EXERCISE DATA: Begin

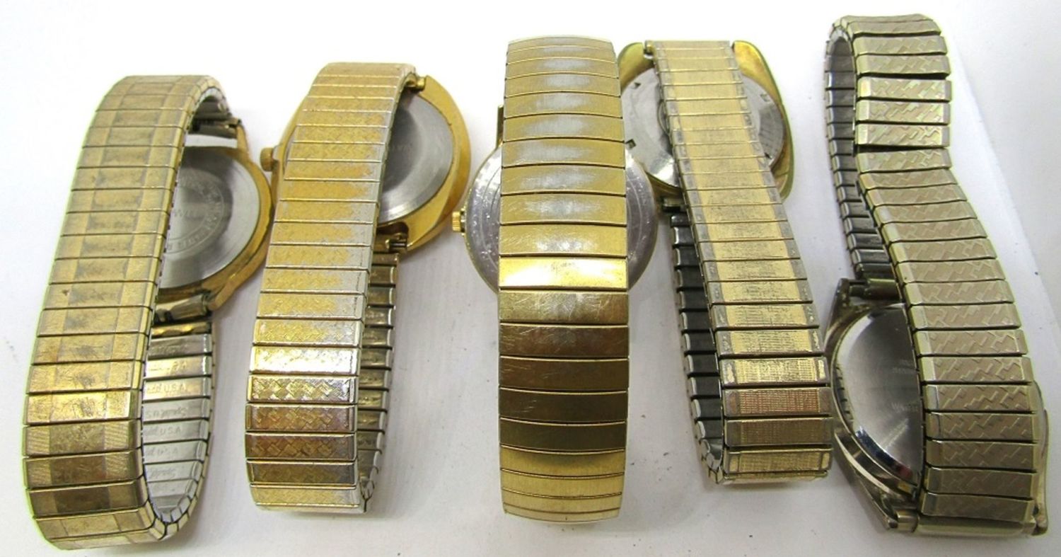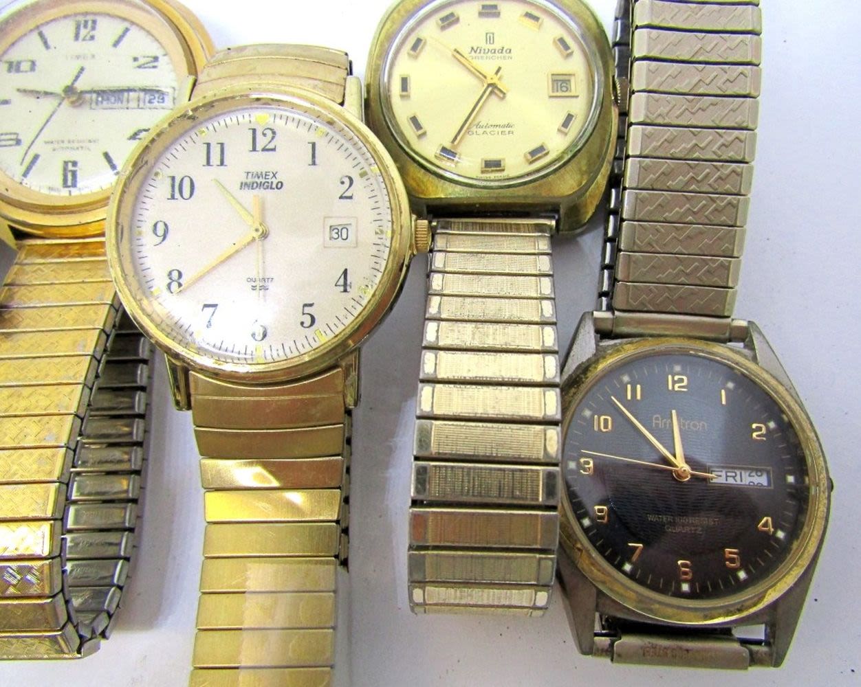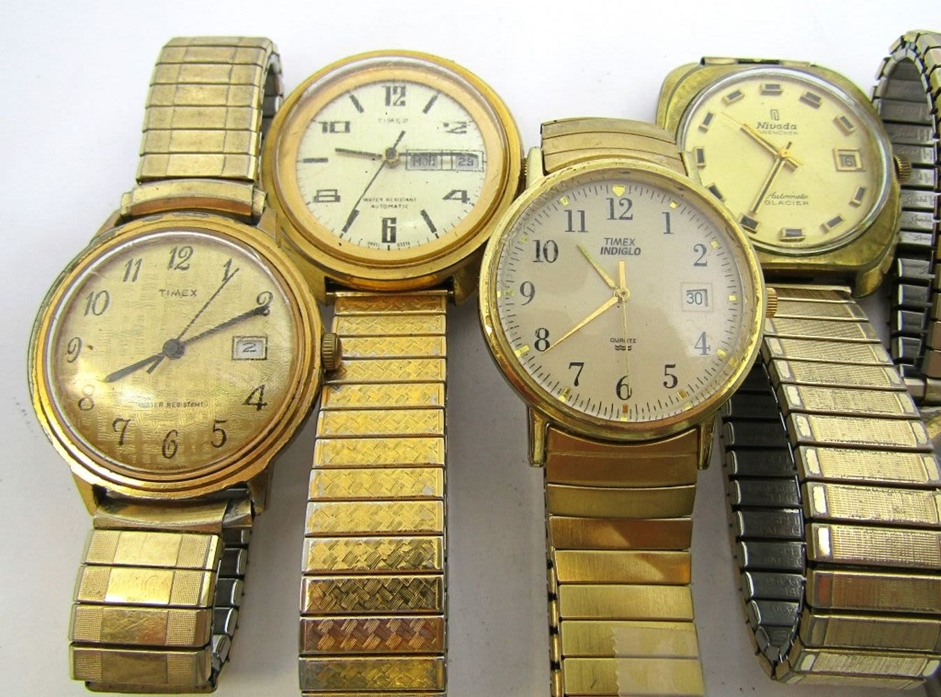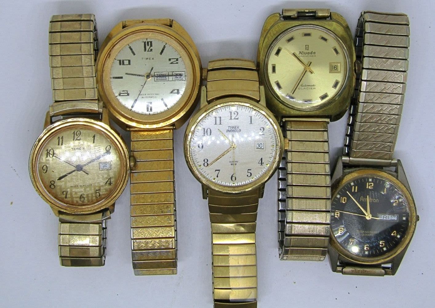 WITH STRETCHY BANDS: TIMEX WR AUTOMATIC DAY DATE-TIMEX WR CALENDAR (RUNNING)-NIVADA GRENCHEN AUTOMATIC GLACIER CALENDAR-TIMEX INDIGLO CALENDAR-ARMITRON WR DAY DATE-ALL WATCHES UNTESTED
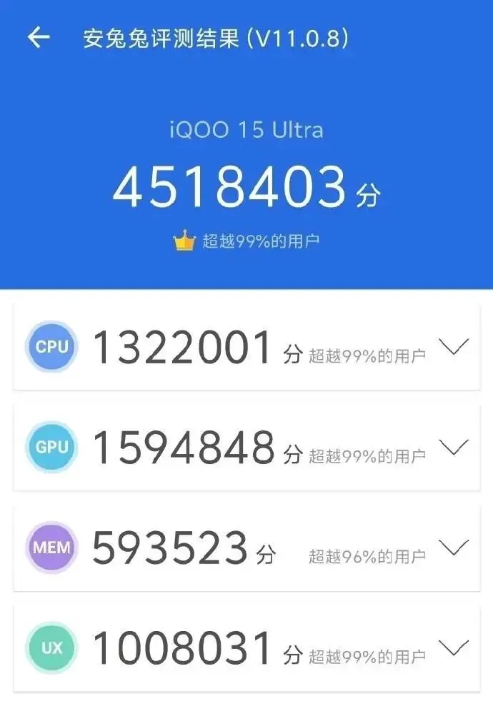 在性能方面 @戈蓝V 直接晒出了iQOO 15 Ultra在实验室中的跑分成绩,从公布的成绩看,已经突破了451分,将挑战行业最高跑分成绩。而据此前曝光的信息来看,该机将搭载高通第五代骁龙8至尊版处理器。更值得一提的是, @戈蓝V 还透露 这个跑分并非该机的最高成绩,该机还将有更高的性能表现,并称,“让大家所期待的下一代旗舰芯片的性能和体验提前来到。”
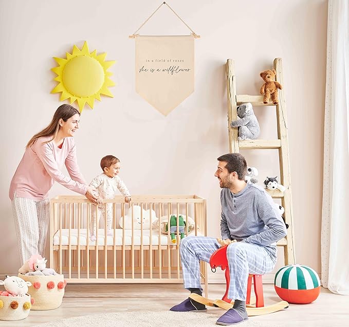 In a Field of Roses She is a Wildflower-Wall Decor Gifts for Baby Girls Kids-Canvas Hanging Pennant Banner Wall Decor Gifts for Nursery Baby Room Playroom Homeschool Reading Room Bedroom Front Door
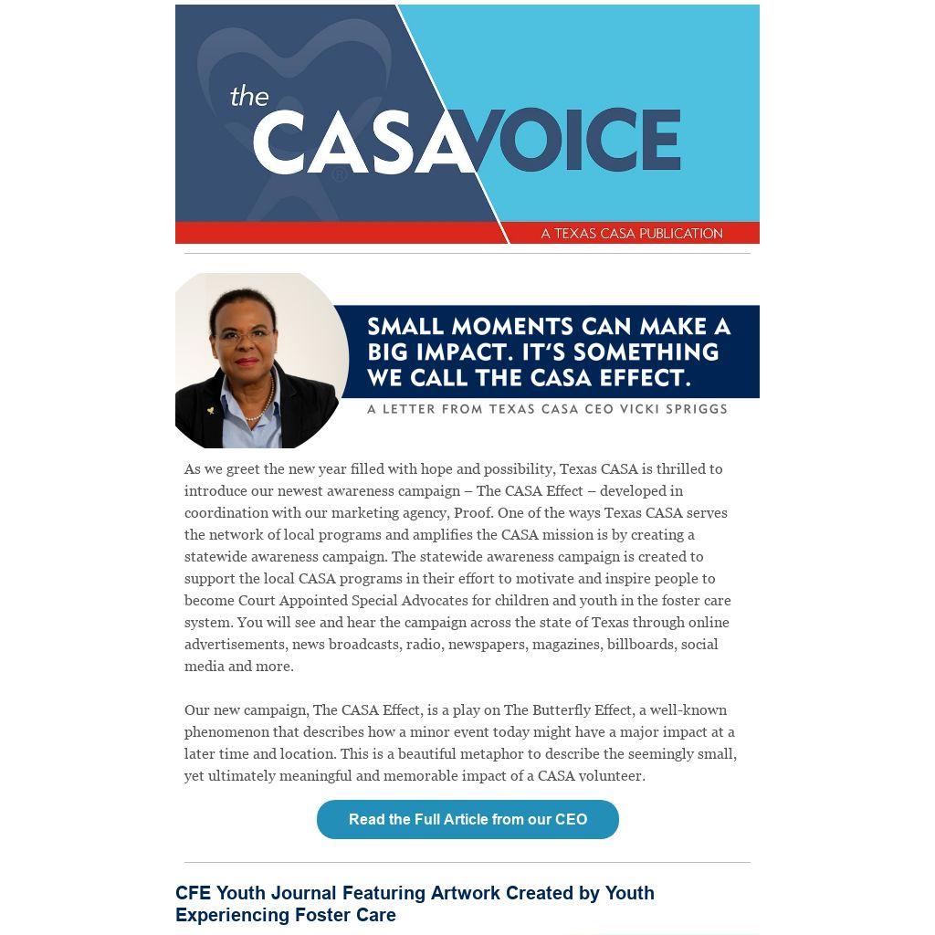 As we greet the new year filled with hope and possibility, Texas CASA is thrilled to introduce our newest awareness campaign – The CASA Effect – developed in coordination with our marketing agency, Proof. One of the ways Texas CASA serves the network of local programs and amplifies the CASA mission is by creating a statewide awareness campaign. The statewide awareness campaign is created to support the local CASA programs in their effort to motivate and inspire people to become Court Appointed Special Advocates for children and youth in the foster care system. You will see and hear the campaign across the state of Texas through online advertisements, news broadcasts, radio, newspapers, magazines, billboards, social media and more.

EXERCISE DATA: End
EXERCISE DATA: Begin

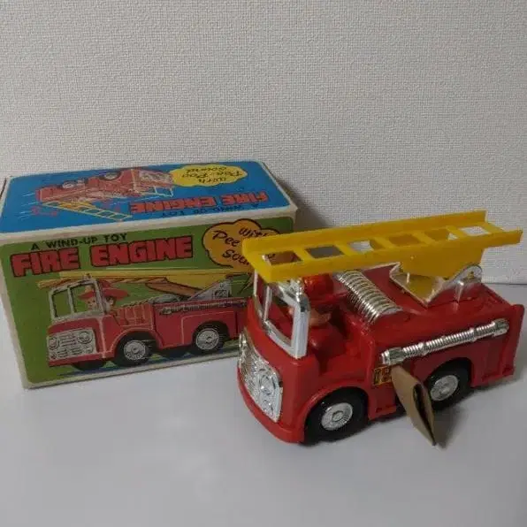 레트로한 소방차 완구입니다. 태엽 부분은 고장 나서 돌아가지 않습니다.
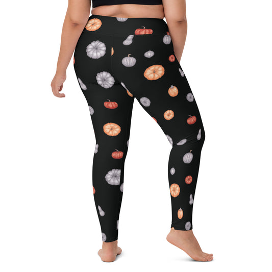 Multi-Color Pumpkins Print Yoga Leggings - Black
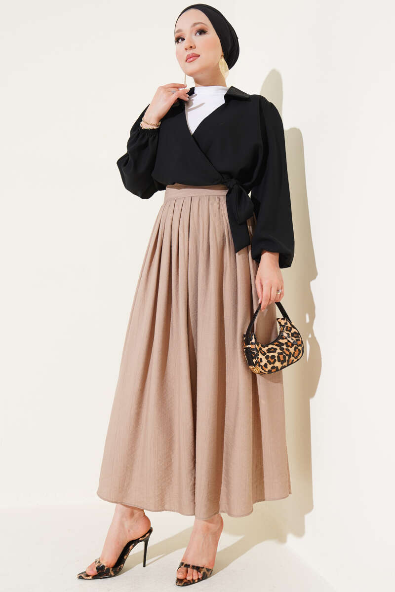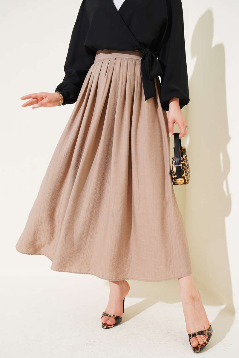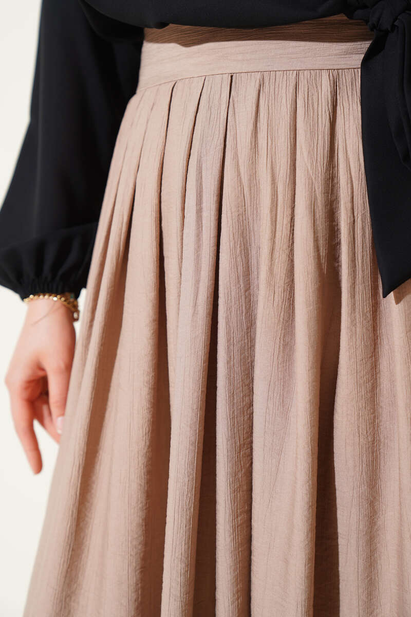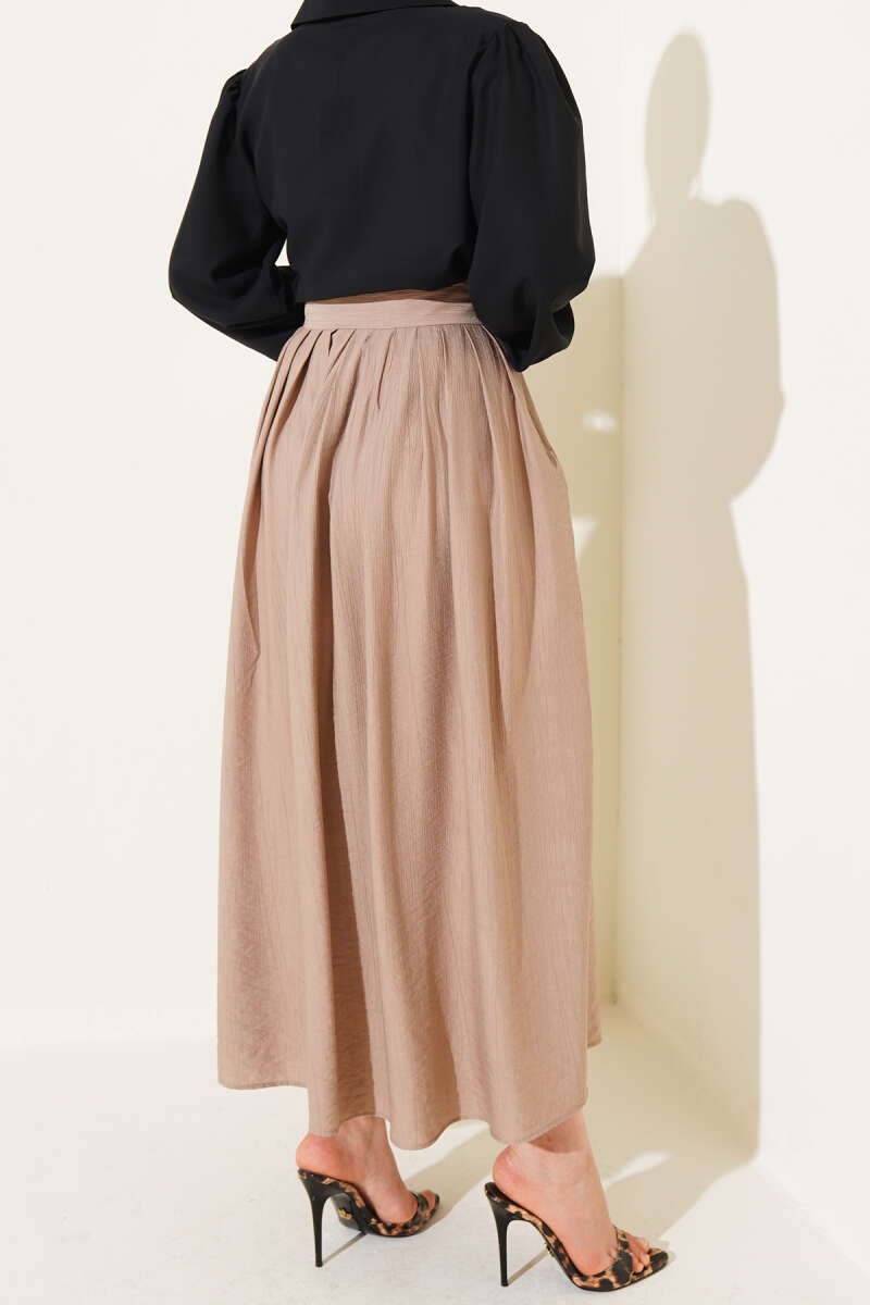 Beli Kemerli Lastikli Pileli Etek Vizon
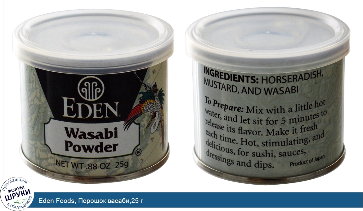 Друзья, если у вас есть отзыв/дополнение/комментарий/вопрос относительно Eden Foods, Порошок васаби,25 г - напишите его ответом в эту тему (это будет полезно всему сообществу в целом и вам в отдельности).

EXERCISE DATA: End
EXERCISE DATA: Begin

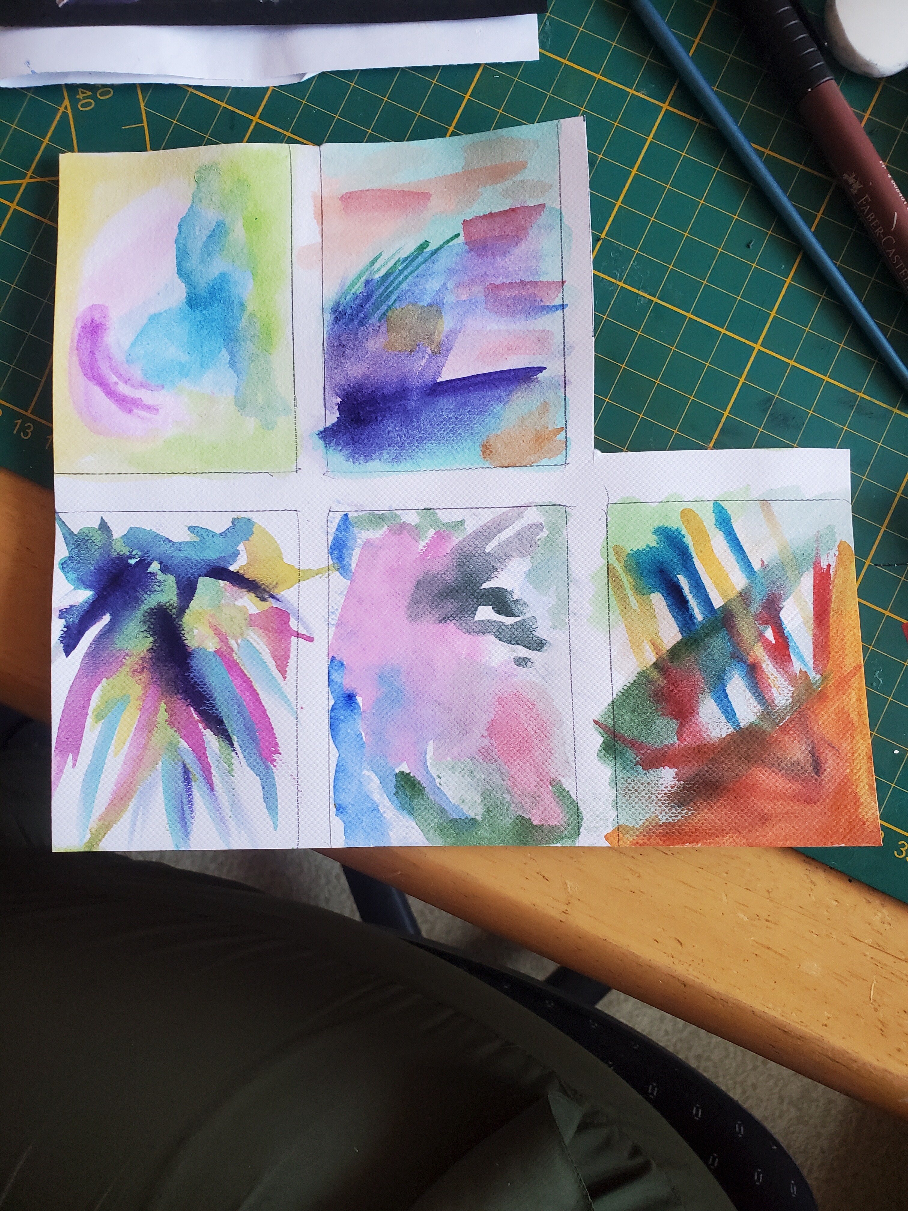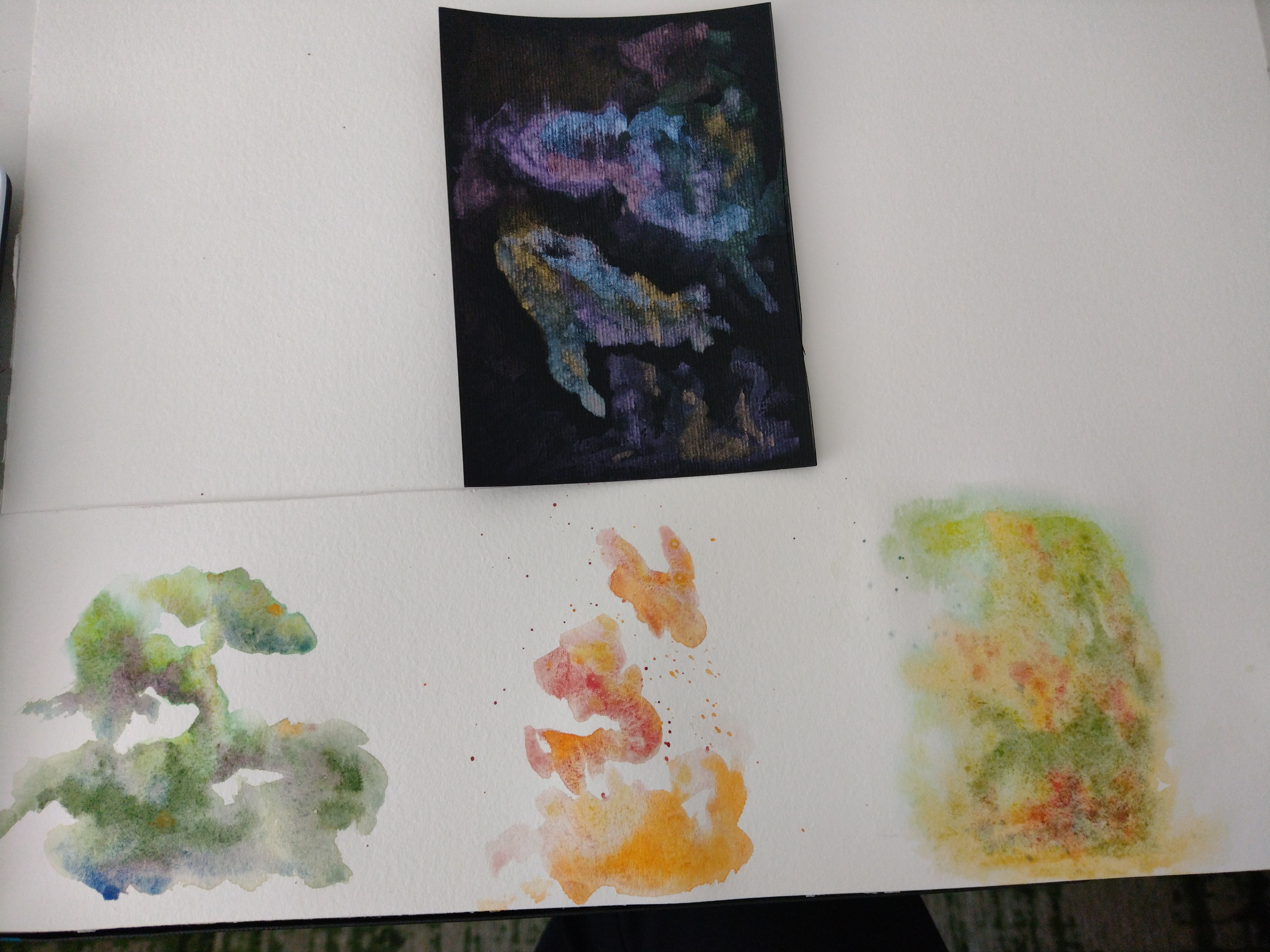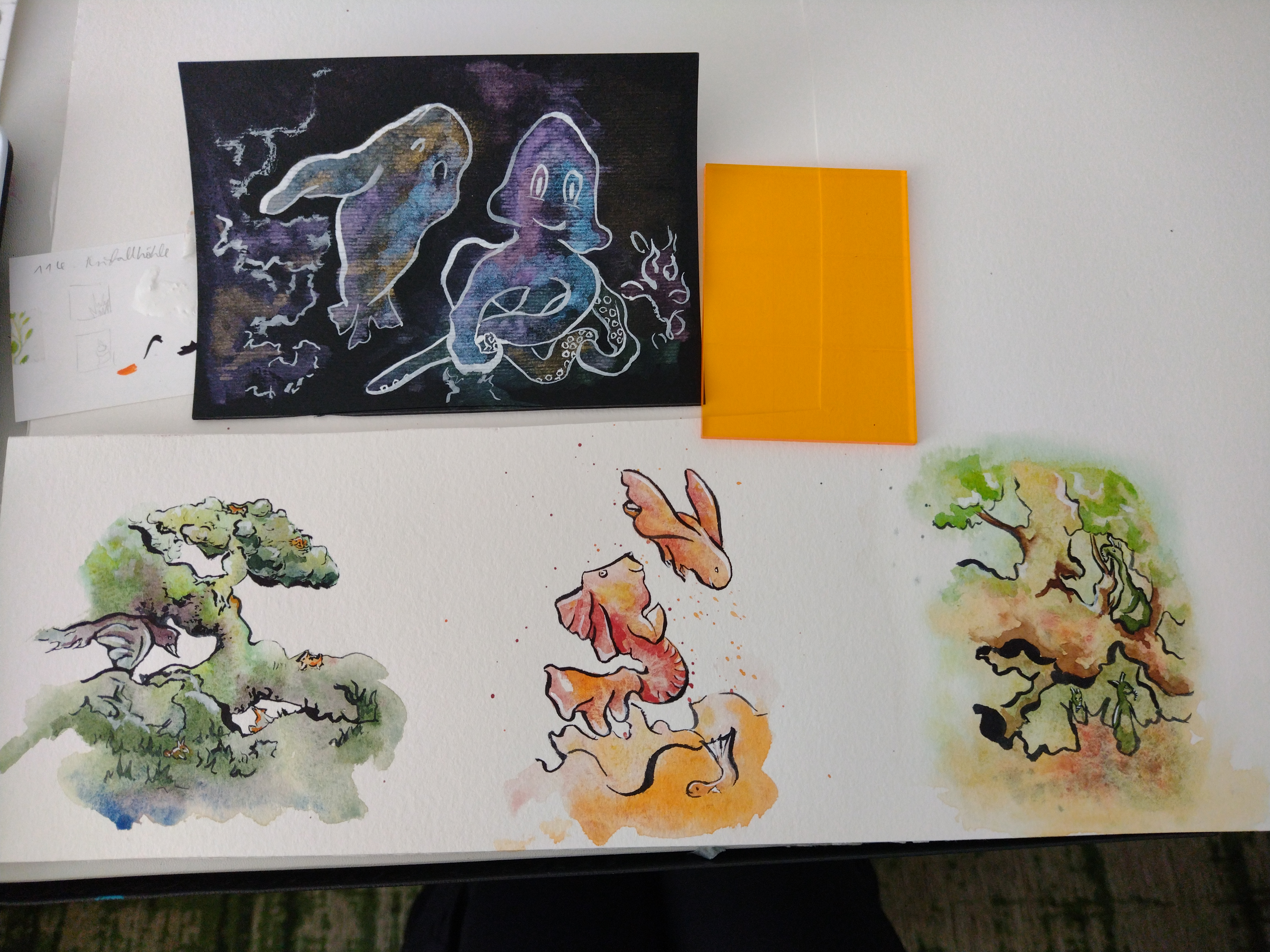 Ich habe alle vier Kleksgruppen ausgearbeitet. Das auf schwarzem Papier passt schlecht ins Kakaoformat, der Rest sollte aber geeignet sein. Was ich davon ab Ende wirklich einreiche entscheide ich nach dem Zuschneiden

EXERCISE DATA: End

**PROBLEM:** Out of the records above, set down only the lines from the one that contains "WITH STRETCHY BANDS: TIMEX" through the one that contains "As we greet", unchanged and without the pictures.

**RESULT OF THE TASK:**
 WITH STRETCHY BANDS: TIMEX WR AUTOMATIC DAY DATE-TIMEX WR CALENDAR (RUNNING)-NIVADA GRENCHEN AUTOMATIC GLACIER CALENDAR-TIMEX INDIGLO CALENDAR-ARMITRON WR DAY DATE-ALL WATCHES UNTESTED
 在性能方面 @戈蓝V 直接晒出了iQOO 15 Ultra在实验室中的跑分成绩,从公布的成绩看,已经突破了451分,将挑战行业最高跑分成绩。而据此前曝光的信息来看,该机将搭载高通第五代骁龙8至尊版处理器。更值得一提的是, @戈蓝V 还透露 这个跑分并非该机的最高成绩,该机还将有更高的性能表现,并称,“让大家所期待的下一代旗舰芯片的性能和体验提前来到。”
 In a Field of Roses She is a Wildflower-Wall Decor Gifts for Baby Girls Kids-Canvas Hanging Pennant Banner Wall Decor Gifts for Nursery Baby Room Playroom Homeschool Reading Room Bedroom Front Door
 As we greet the new year filled with hope and possibility, Texas CASA is thrilled to introduce our newest awareness campaign – The CASA Effect – developed in coordination with our marketing agency, Proof. One of the ways Texas CASA serves the network of local programs and amplifies the CASA mission is by creating a statewide awareness campaign. The statewide awareness campaign is created to support the local CASA programs in their effort to motivate and inspire people to become Court Appointed Special Advocates for children and youth in the foster care system. You will see and hear the campaign across the state of Texas through online advertisements, news broadcasts, radio, newspapers, magazines, billboards, social media and more.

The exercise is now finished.